= Senate (Senegal) =

Upper house of Parliament of Senegal (1999–2001, 2007–2012)

The Senate (Sénat) was the upper house of the Parliament of Senegal from 1999 to 2001 and from 2007 to 2012.

==History and elections==

The Senate was initially established during the presidency of Abdou Diouf in 1999, but in 2001, after Abdoulaye Wade won the previous year's presidential election, it was abolished with the introduction of a new constitution. It was established again in 2007 with 100 seats: 65 appointed by the president and 35 elected by about 12,000 deputies and local councillors. The ruling Senegalese Democratic Party (PDS) won 34 of the 35 elected seats in the senatorial election held on August 19, 2007; one seat, for Vélingara Department, was won by And-Jëf/African Party for Democracy and Socialism (AJ/PADS). Five other groups participated but did not win seats. Most of the main opposition parties boycotted the senatorial election, as they did the June 2007 National Assembly election.

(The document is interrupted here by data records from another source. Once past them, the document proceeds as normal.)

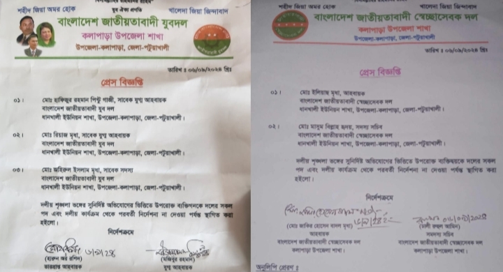 আপন নিউজ অফিসঃ কলাপাড়ায় পৌর ছাত্রদলের সাবেক সহ সভাপতি সহ ৪ জনকে ক'পি'য়ে জ'খ'ম ঘটনায় স্বেচ্ছাসেবক দল ও যুবদলের ৫ নেতা বহিষ্কার। এরা হলেন, উপজেলার ধানখালী ইউনিয়ন স্বেচ্ছাসেবক দলের আহবায়ক মোঃ ইলিয়াছ মৃধা, সদস্য সচিব মোঃ মাসুম বিল্লাহ হৃদয়, ধানখালী ইউনিয়ন যুবদলের সাবেক যুগ্ম আহবায়ক মোঃ হাফিজুর রহমান পিন্টু গাজী, সাবেক যুগ্ম আহবায়ক মোঃ রিয়াজ মৃধা, সাবেক সদস্য মোঃ জহিরুল ইসলাম মৃধা। শুক্রবার ৬ সেপ্টেম্বর কলাপাড়া উপজেলা যুবদল ভারপ্রাপ্ত আহবায়ক হারুন অর রশিদ, যুগ্ম আহবায়ক মোঃ মজিবুর রহমান এবং উপজেলা স্বেচ্ছাসেবক দলের আহবায়ক মোঃ জাকির হোসেন বাদল মৃধা ও সদস্য সচিব ঢালী রুহুল আমিন এর স্বাক্ষরকৃত প্রেস বিজ্ঞপ্তিতে এই তথ্য জানানো হয়েছে।
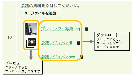 ファイルアップロードの項目を追加します。アップロードできるファイルは10MB以下で、PDF、画像、ワード含む全てのファイルです。
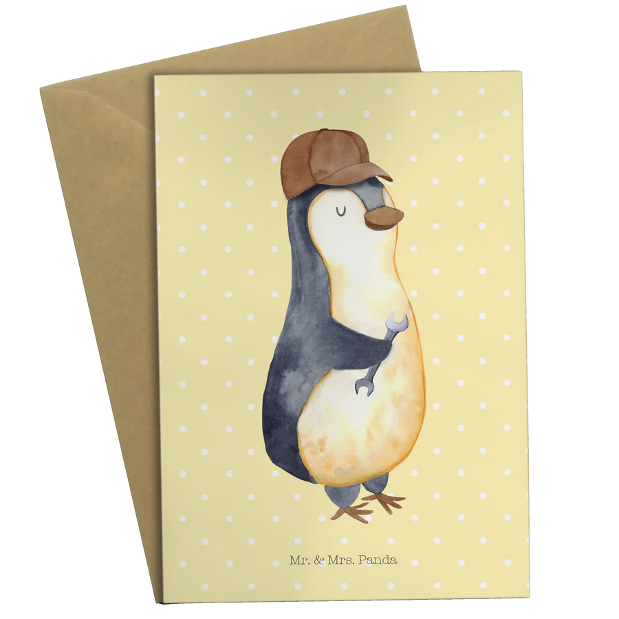 This unique card features an adorable penguin character wearing a stylish cap and holding a wrench, perfectly capturing the humor and essence of fatherhood. The playful slogan 'If Daddy can't fix it, we're screwed.' speaks volumes about the trusty role dads play in our lives, all while inviting a chuckle or two. Every father has that handyman side, and this card does an excellent job of celebrating it!
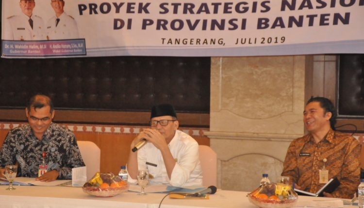 TANGERANG – Dalam rangka mempercepat progres pembangunan Proyek Strategis Nasional (PSN) di Provinsi Banten, Gubernur Wahidin Halim melakukan rapat koordinasi bersama bupati/walikota dan unsur pelaksana teknis pembangunan seluruh PSN, bertempat di Istana Nelayan, Kota Tangerang, Kamis (11/7/2019).
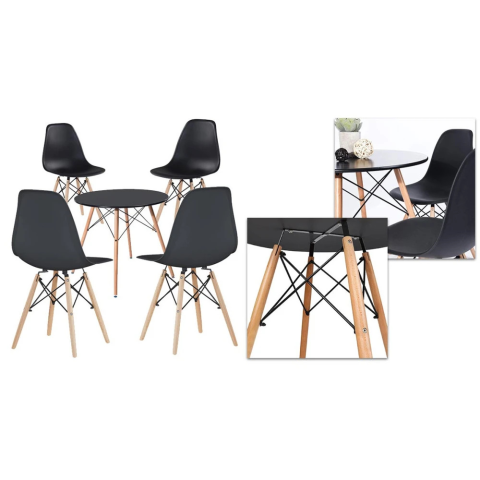 1 kép TIMELESS 4 db modern étkezőszék asztallal fekete HOP1001107-1
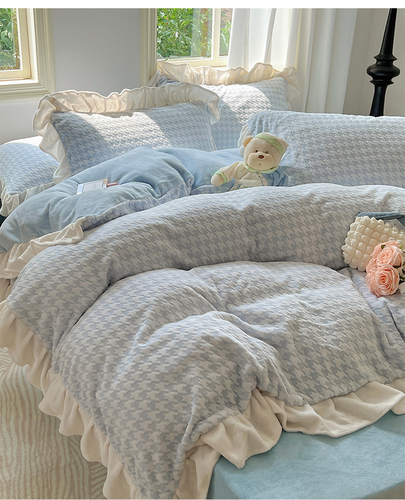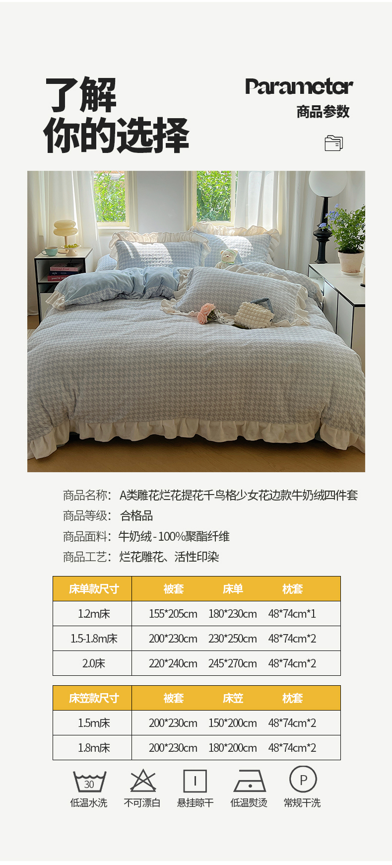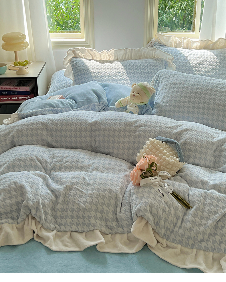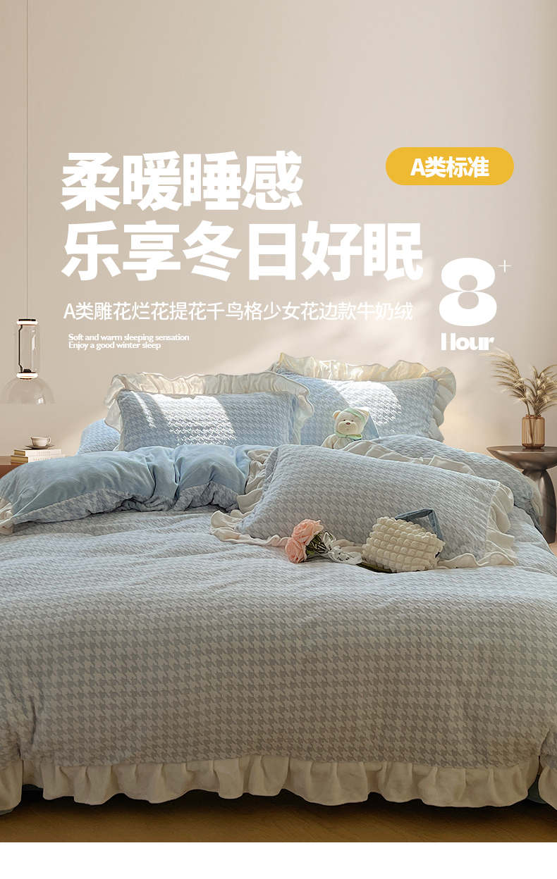 当前位置: 91家纺网 > 商品网购 > 床品套件 > 四件套 > 牛奶绒四件套 > 桃子家居 2023新款A类高克重230克3D立体雕花烂花提花千鸟格少女花边款简单款牛奶绒四件套 绒花边烂花-千鸟格天蓝
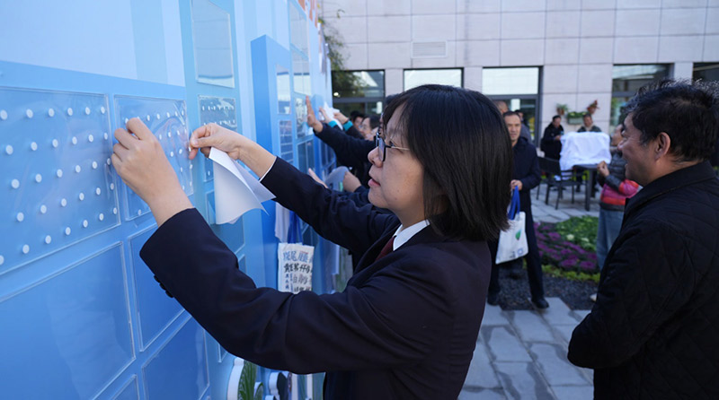 观众将防鸟撞贴纸粘贴在防鸟撞互动装置上。
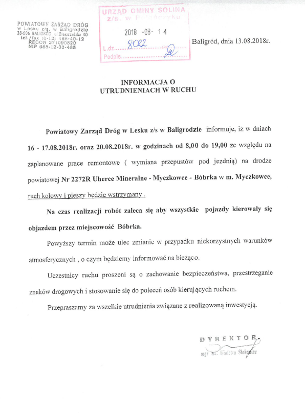 Informacja o utrudnieniach w ruchu
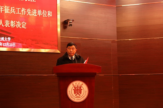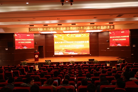 “贵州大学深入学习贯彻习近平强军思想,强化使命担当,认真履职尽责,高标准高质量超额完成了2020年度征兵工作任务,男女学生共281人入伍,超过任务数119人,是贵州本科高校征兵人数最多的学校。”12月23日,在我校2020年征兵工作总结表彰会暨2021年征兵工作动员部署会议上,校领导报告了我校2020年征兵工作成绩。
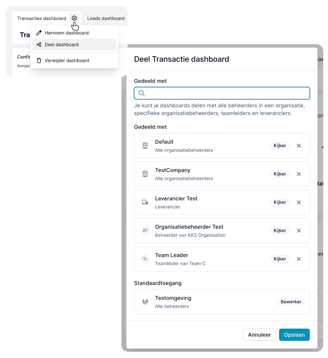 De deelfunctionaliteit is beschikbaar via het tandwiel-icoon op de actieve dashboard-tab (bovenaan het scherm). Dit opent een dropdown met opties om je dashboard te hernoemen, te delen of te verwijderen. Wanneer je op ‘deel dashboard’ klikt, opent er een pop-up waarin je organisatiebeheerders (individuele gebruikers), organisaties (alle gebruikers met de rol beheerder), teamleiders en leveranciers bekijk rechten
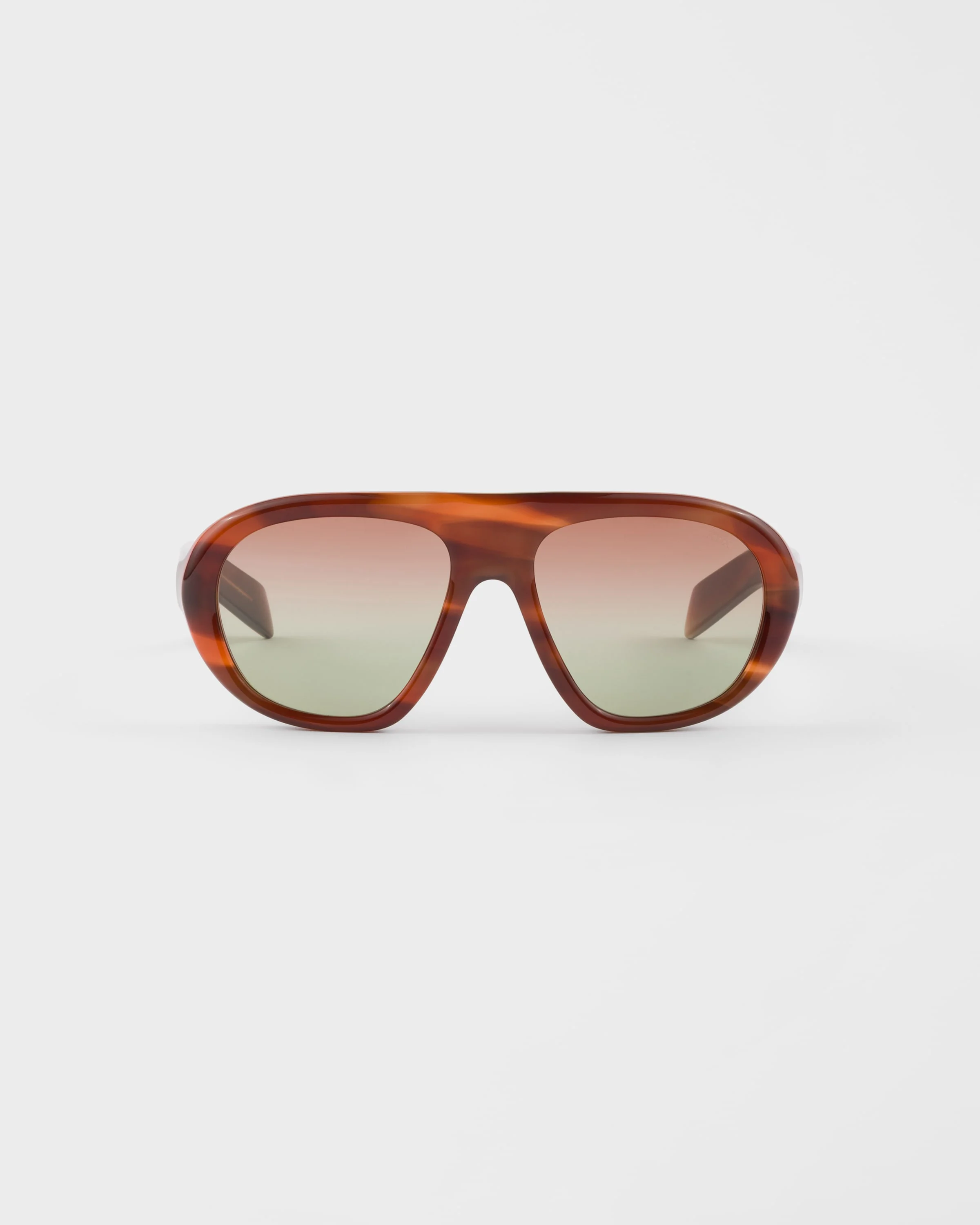 Acetate sunglasses with an oversized design. The frame features an oversized pilot silhouette and large volumes that give it a contemporary, feminine look. The curved temples are decorated with the enameled Prada logo. - Product code: SPRC05_E24G_FE70T_C_057 - Recycled bio-acetate frame front - Color: Streaked Oak Brown - Frame compatible with graduated lenses - 100% UVA / UVB protection - Standard Fit - Lens-nose-temple measurement: 57-18-135 mm - Article comes with dedicated packaging - Other colors available - Imported MATERIALS Acetate
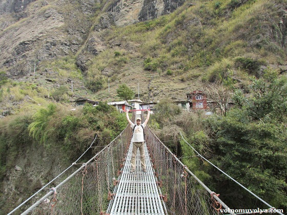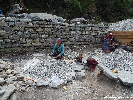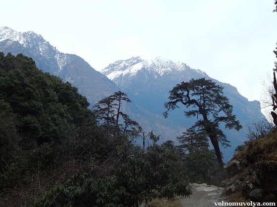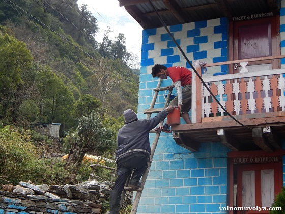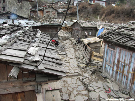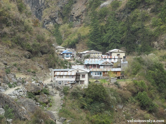 С погодой нам опять везёт - день ясный, настроение - боевое. Идёшь - и не перестаёшь удивляться всем красотам и чудесам гималайской природы. Особенно хорошо смотрятся небольшие уютненькие поселения местных жителей, которые научились хорошо приспосабливаться к рельефу. Они строят свои дома из камня и сооружают их в таких местах, что иной раз тебе даже не верится, что в подобном месте можно построить дом и жить в нём долгие годы. Однако большинство непальских построек на треке так или иначе ориентированы на туристов. С каждым годом турпоток всё усиливается и усиливается, и местные жители строят всё новые и новые гестхаузы и различные вспомогательные постройки, которые потом будут приносить прибыль их семье, а стало быть, этот суровый регион будет продолжать оставаться заселённым людьми.
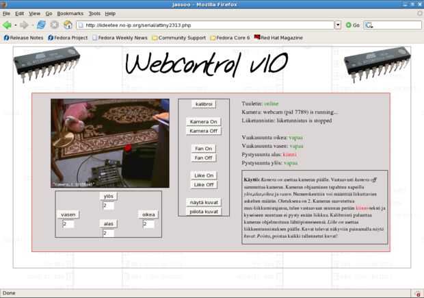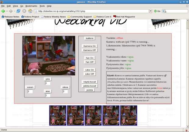 En la página de control que el usuario puede controlar cómo se convertirá la webcam y cuántos pasos se ejecutará. El usuario también puede activar la cámara web y vía interfaz web. Información sobre los Estados se actualizará inmediatamente en pantalla. Usuario también puede activar el if en línea, del detector de movimiento el movimiento de detectd cámara, guardará automáticamente los marcos. Nombramiento de los cuadros se realiza con "marcas", por lo que es posible averiguar cuando se tomó la fotografía.
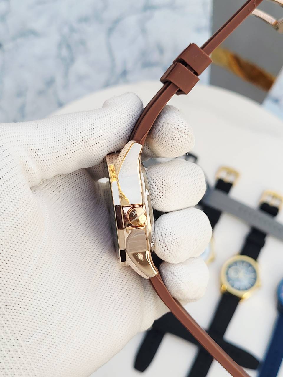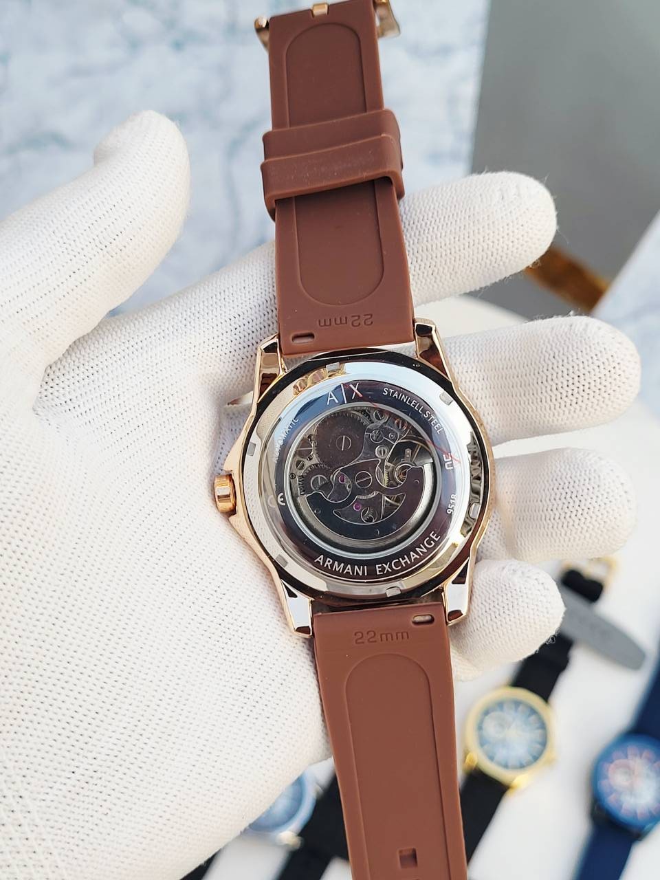 ARMANI EXCHANGE AUTOMATIC FULL BROWN FIBER BELT

Following the election, the Senate was installed on September 26, 2007, and Pape Diop was elected as its President on October 3.

A new Senate election was planned to be held in September 2012, but shortly beforehand, in late August 2012, President Macky Sall announced plans to abolish the Senate and return to a unicameral chamber. In the midst of serious flooding, he said that scrapping the Senate would save money that would then be directed toward flood prevention: "the relief of the suffering of the people is more important than the Senate, for us to stop the floods that cyclically affect our country".